Using python library libpython3.6m.so
Reading symbols from build/cmake/lbsolver-gpuDebug-noMPI/build/lbsolver…
(cuda-gdb)
(cuda-gdb) run
Starting program: /odile/home/rkuate/workspace/prolb/lbsolver/gpu/developLast/build/cmake/lbsolver-gpuDebug-noMPI/build/lbsolver -i test_cases/CT01_pulse_uniform/input.txt -d test_cases
[Thread debugging using libthread_db enabled]
Using host libthread_db library “/lib64/libthread_db.so.1”.
^C
Program received signal SIGINT, Interrupt.

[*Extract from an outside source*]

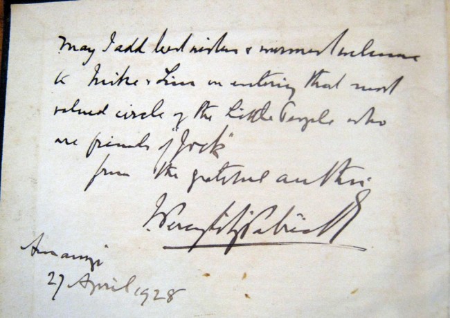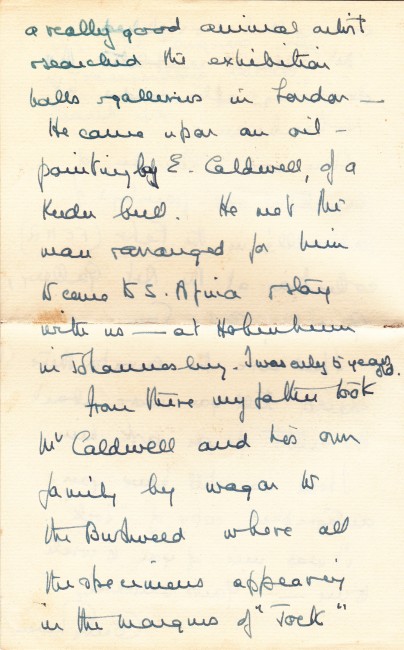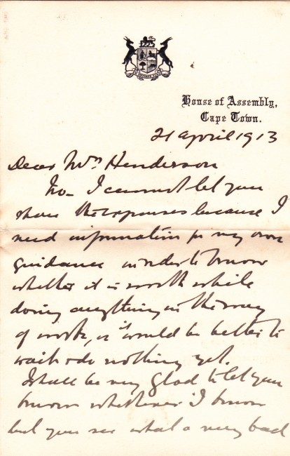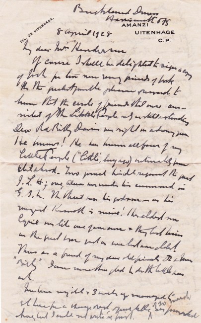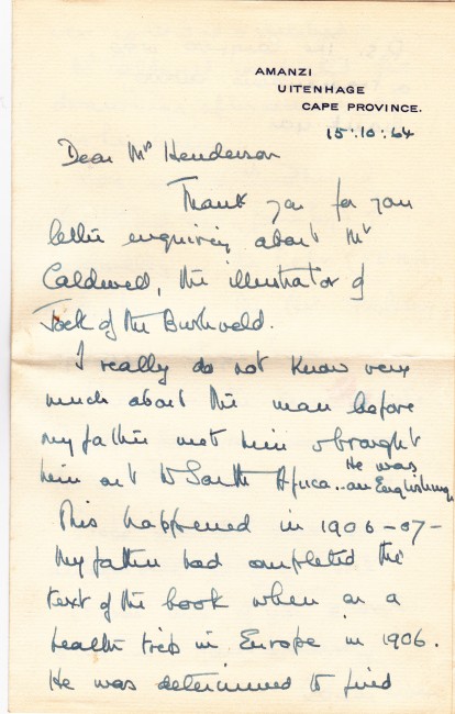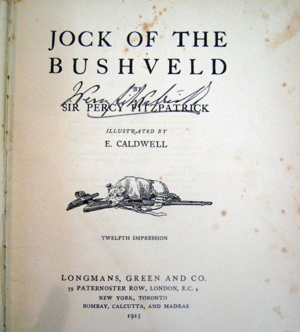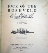 Inscribed and signed on front paste down endpaper by Percy Fitzpatrick, dated 1928 and on the title page. 475p. Illustrated. The book itself has some foxing. Enclosed are four letters in three original envelopes. The first is a letter dated 1913 using House of Assembly letterhead from Percy Fitzpatrick to Mrs Henderson, handwritten and signed by Fitzpatrick. The second envelope contains two letters, one dated 26 April 1928 is to Mrs Henderson of Natal and makes reference to his children who passed away \"all three boys are gone\". This letter is typed with his signature at the bottom from Uitenhage. The second letter in this envelope is dated 8 April 1928, is handwritten and refers to Fitzpatrick signing a copy of Jock for Mrs Henderson. The fourth letter is handwritten and dated 1964 from the daughter (Cecily) responding to questions about the illustrator, Caldwell.

0x00007ffff48d7e0f in nvompAcquireLock (lock=lock@entry=0x7ffff72e2bb8 <__pgi_uacc_data+72>) at nvomp_lock.h:38
38 nvomp_lock.h: Aucun fichier ou dossier de ce type.
(cuda-gdb) bt
#0 0x00007ffff48d7e0f in nvompAcquireLock (lock=lock@entry=0x7ffff72e2bb8 <__pgi_uacc_data+72>) at nvomp_lock.h:38
#1 __nvomp_acquire_lock (lock=lock@entry=0x7ffff72e2bb8 <__pgi_uacc_data+72>) at nvomp_lock.c:17
#2 0x00007ffff70b9a9d in __pgi_uacc_enumerate () at …/…/src/init.c:579
#3 __pgi_uacc_initialize () at …/…/src/init.c:693
#4 0x00007ffff693116c in do_managed_new (n=23, func_name=0x7ffff6932b58 “new”) at …/…/src/cuda_managed_new.cpp:59
#5 0x00007ffff6930e44 in __pgi_managed_new (n=23) at …/…/src/cuda_managed_new.cpp:153
#6 0x0000000000d3f549 in allocate (this=0x7fffffff8b28, __n=23, _T567_39031=0x0)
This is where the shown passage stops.